- TASK INSTRUCTIONS
Below this line are records; transcribe exactly the lines between the one holding "In this study, 2.88%" and the one holding "Ausstellung Winterwerkschau der", inclusive, and omit the pictures.

- DATASET RECORDS
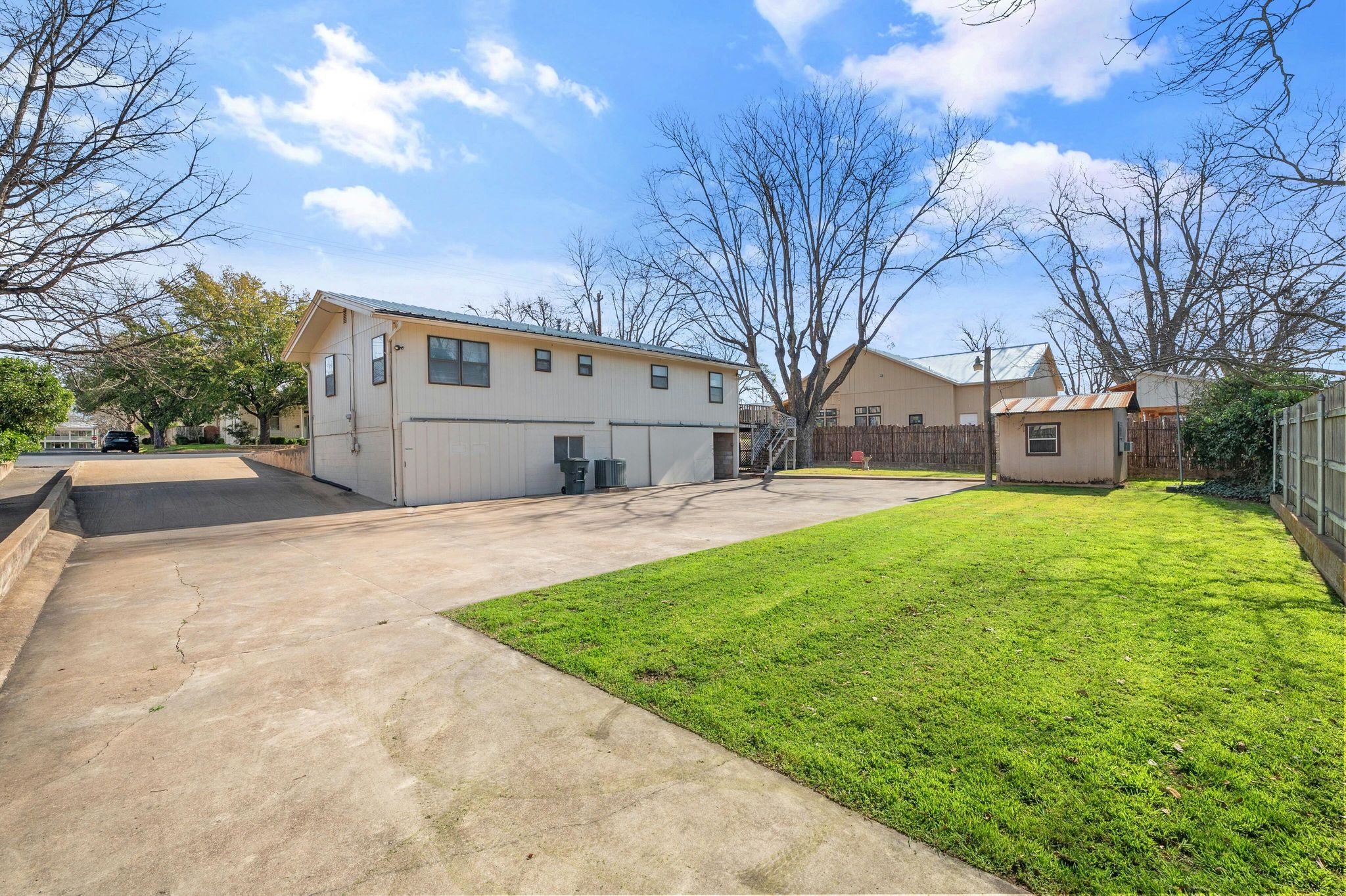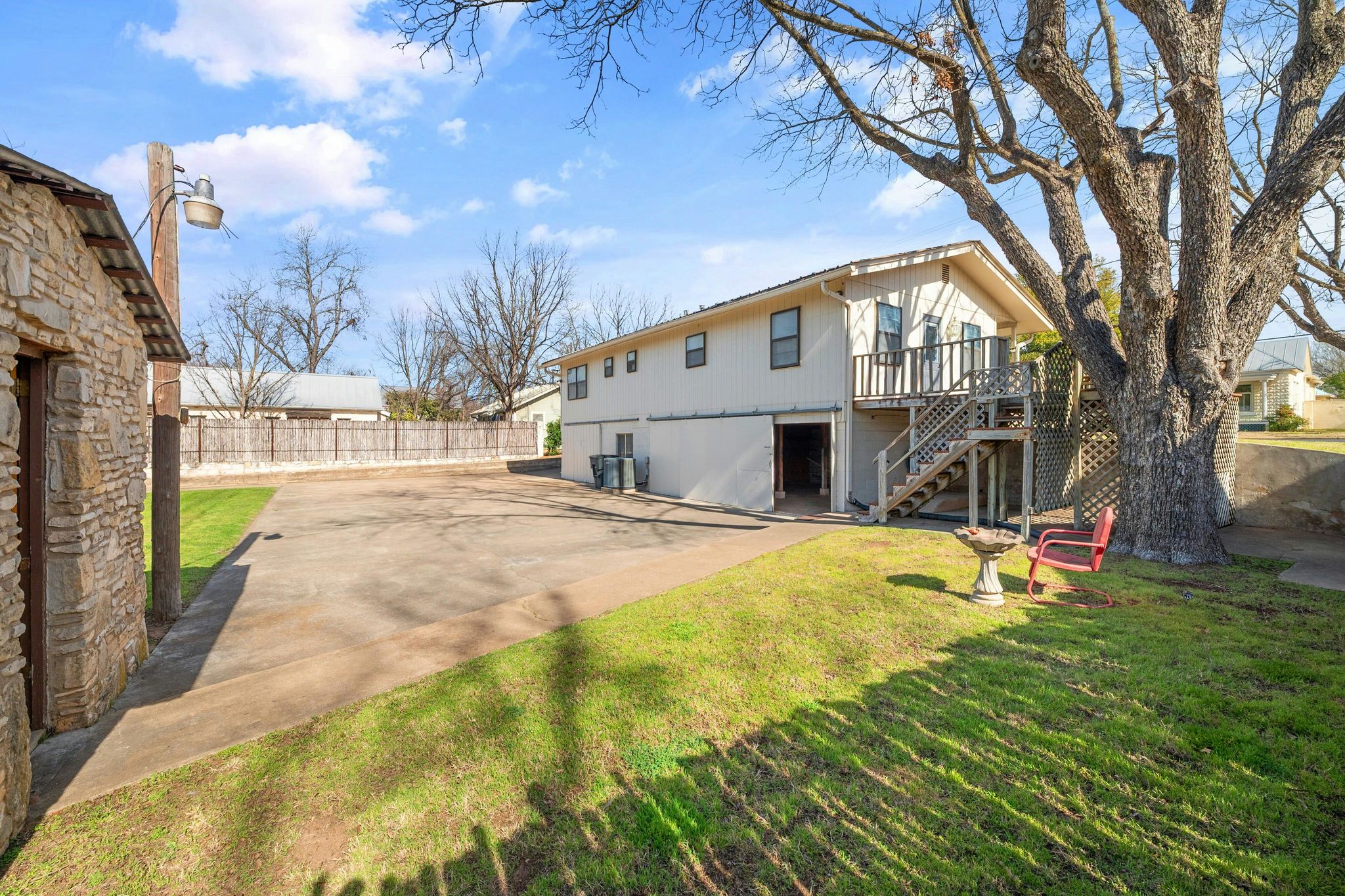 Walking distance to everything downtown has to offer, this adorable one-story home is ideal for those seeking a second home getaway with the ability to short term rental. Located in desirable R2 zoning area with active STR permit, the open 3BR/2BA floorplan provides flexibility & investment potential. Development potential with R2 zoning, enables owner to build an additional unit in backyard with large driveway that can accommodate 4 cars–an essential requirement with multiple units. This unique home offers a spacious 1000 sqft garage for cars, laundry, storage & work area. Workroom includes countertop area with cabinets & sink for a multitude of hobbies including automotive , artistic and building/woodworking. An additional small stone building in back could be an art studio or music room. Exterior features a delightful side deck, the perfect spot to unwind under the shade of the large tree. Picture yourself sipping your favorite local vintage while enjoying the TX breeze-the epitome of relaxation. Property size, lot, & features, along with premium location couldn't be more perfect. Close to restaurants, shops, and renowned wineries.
--
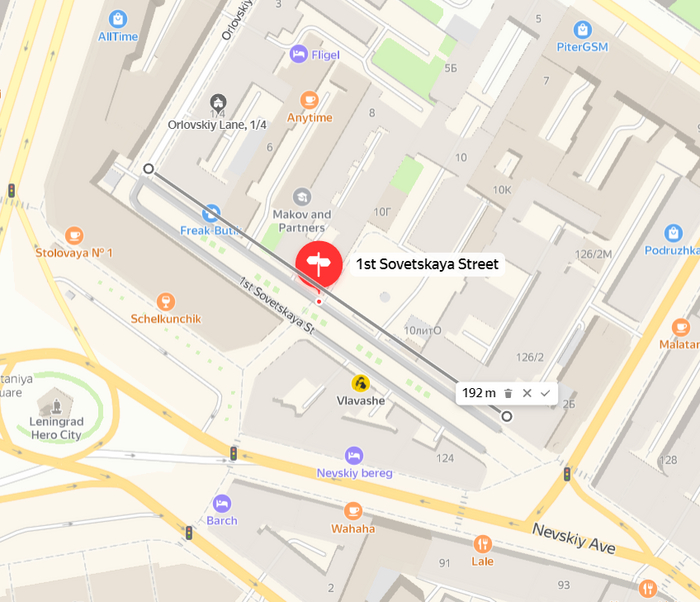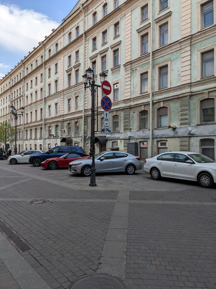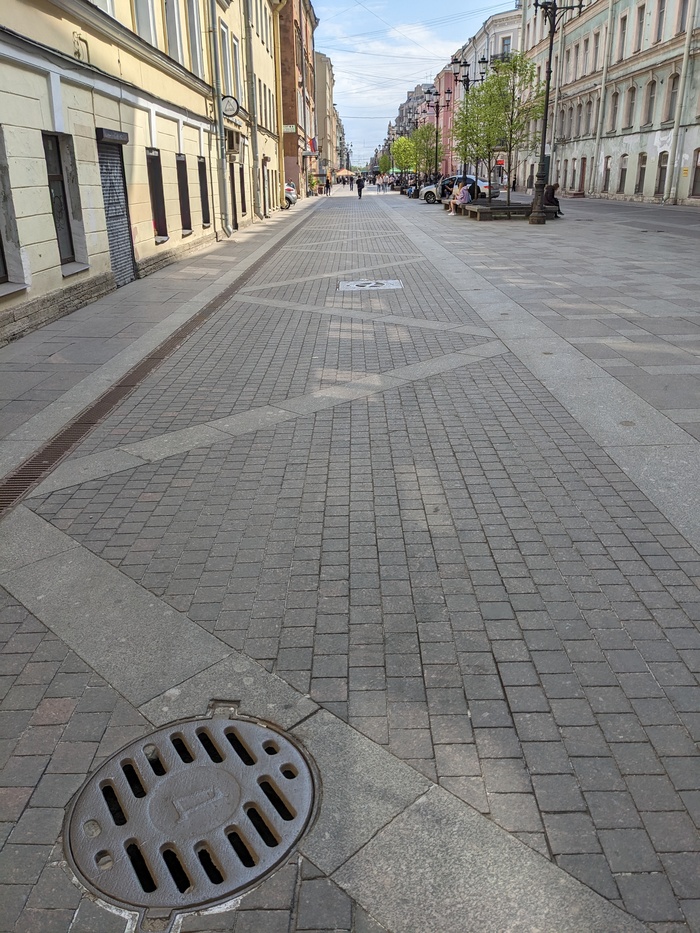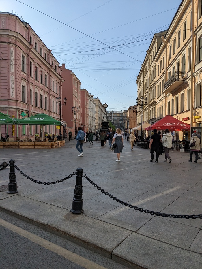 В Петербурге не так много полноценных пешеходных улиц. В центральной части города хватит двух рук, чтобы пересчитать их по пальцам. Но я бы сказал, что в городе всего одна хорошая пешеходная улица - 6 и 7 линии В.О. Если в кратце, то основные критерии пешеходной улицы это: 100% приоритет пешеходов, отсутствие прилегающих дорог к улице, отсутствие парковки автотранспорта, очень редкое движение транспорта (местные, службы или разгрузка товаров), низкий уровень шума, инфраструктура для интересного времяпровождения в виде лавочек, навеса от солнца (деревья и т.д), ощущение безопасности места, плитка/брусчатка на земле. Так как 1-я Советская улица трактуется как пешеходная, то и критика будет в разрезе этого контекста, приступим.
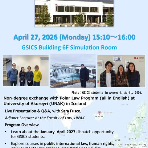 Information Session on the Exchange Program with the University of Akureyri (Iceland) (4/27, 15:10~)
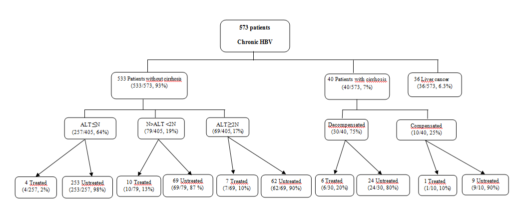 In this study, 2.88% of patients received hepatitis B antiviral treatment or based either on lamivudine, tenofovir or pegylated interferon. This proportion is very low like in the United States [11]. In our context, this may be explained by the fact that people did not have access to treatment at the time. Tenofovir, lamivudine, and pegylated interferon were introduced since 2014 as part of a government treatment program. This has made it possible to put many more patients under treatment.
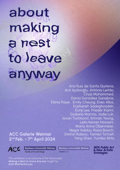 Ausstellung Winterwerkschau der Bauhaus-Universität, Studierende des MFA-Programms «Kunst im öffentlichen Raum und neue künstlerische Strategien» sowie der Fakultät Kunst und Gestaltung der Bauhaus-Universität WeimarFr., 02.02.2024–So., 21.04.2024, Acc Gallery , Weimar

- OUTPUT BELOW
 In this study, 2.88% of patients received hepatitis B antiviral treatment or based either on lamivudine, tenofovir or pegylated interferon. This proportion is very low like in the United States [11]. In our context, this may be explained by the fact that people did not have access to treatment at the time. Tenofovir, lamivudine, and pegylated interferon were introduced since 2014 as part of a government treatment program. This has made it possible to put many more patients under treatment.
 Ausstellung Winterwerkschau der Bauhaus-Universität, Studierende des MFA-Programms «Kunst im öffentlichen Raum und neue künstlerische Strategien» sowie der Fakultät Kunst und Gestaltung der Bauhaus-Universität WeimarFr., 02.02.2024–So., 21.04.2024, Acc Gallery , Weimar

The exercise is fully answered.